A rotina passa a ganhar um sentido e o desejo, irrefreável, avança. Tanta fantasia, tanta lua cheia, tanta vontade de celebrar. Acordos se firmam secretamente, são uivos contidos entre ligações secretas, mensagens cifradas em redes sociais e encontros rápidos, tensos. Excitantes. Assinam documentos em branco, como se o prazer não cobrasse seu preço em entrelinhas nunca percebidas diante da nudez aos olhos.
Ambos têm sede e fome, vivem no deserto do tédio comum aos adultos bem sucedidos. Não pense que os ditos infelizes, casais maltratados pela vida sofrida, miserável em todos os sentidos são as maiores vítimas das tentações. Esses quando podem, libertam-se. Gente organizada, que mantém as contas em dia, toma remédio na hora certa, cuida da balança e faz dieta, frequenta academia é a que mais cansa desta coisa certinha. A satisfação vai além do previsível. Não é um contrato, um negócio. Na verdade, tem requisitos de fundamento inexato.

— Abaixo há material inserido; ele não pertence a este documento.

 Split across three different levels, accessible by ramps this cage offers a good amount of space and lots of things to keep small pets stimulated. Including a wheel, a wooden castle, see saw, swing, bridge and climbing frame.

Quem nunca ficou compadecido da esposa dedicada que chega a casa extenuada e ainda prepara um assado especial? Quem sabe não estará ela cansada desta vida certinha? Do homem que nunca esquece uma data especial, que planeja viagens românticas a dois, festas legais entre amigos, mas ao mesmo tempo, é absolutamente previsível. E ficam os dois iguais a copeiros que tem a obrigação de polir os cristais que nunca serão seus, mas que se por ventura forem quebrados, pagarão caro por cacos. Quem vai querer em casa, os restos do que antes era um lindo enfeite?
Assim, ao surgir a possibilidade de uma fuga espontânea, que ventile a imaginação e os sentidos, abusam de tudo, lambuzam-se e nem percebem que o acordo firmado anteriormente – viver exclusivamente uma aventura – foi rasgado na refrega que os empurrava de encontro a cristaleira.

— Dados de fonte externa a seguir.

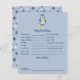 Have your baby shower guests fill out this cute baby predictions and advice card that features a cute hand drawn illustration baby penguin holding a yellow star. This adorable winter penguin themed advice card makes for a wonderful keepsake and is a fun activity for your arctic penguin themed baby shower! The back of this card features a hand painted blue and white textured star pattern that is fun and whimsical.
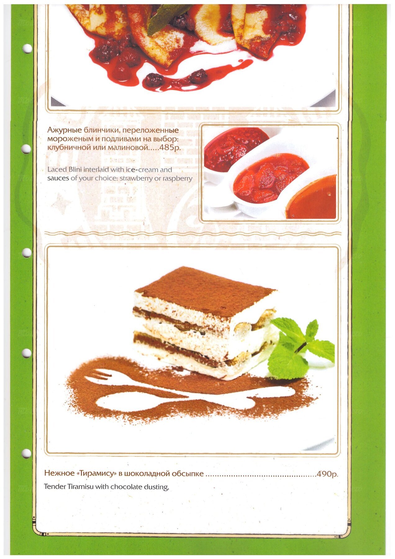 - Кухня: европейская

O prazer para um dos amantes sempre acaba antes e a sintonia inicial, vira uma espécie de coceira alérgica, pois a outra parte já fantasiava com uma comunhão de corpo e alma. Assim, embora a esposa sempre chegue na hora certa e nunca se permita queimar o assado, sempre existe o risco de uma lágrima furtiva salgar a janta. O outro – ele ou ela – já estará na segurança do lar, planejando as férias de inverno, enquanto serve ou é servido de mais uma fatia daquele mesmo assado.
Quem sabe, voltem a buscar uma nova aventura, “desta vez sem envolvimento afetivo mesmo!” O outono e frio passarão, a primavera com seus perfumes e cores, apagará as lembranças tristes e o verão, sempre permissivo, incentivará a paixão. Afinal, tudo não se resumiria mesmo a um desejo e nada mais, como previa a canção? Ah!… Os bobos de abril.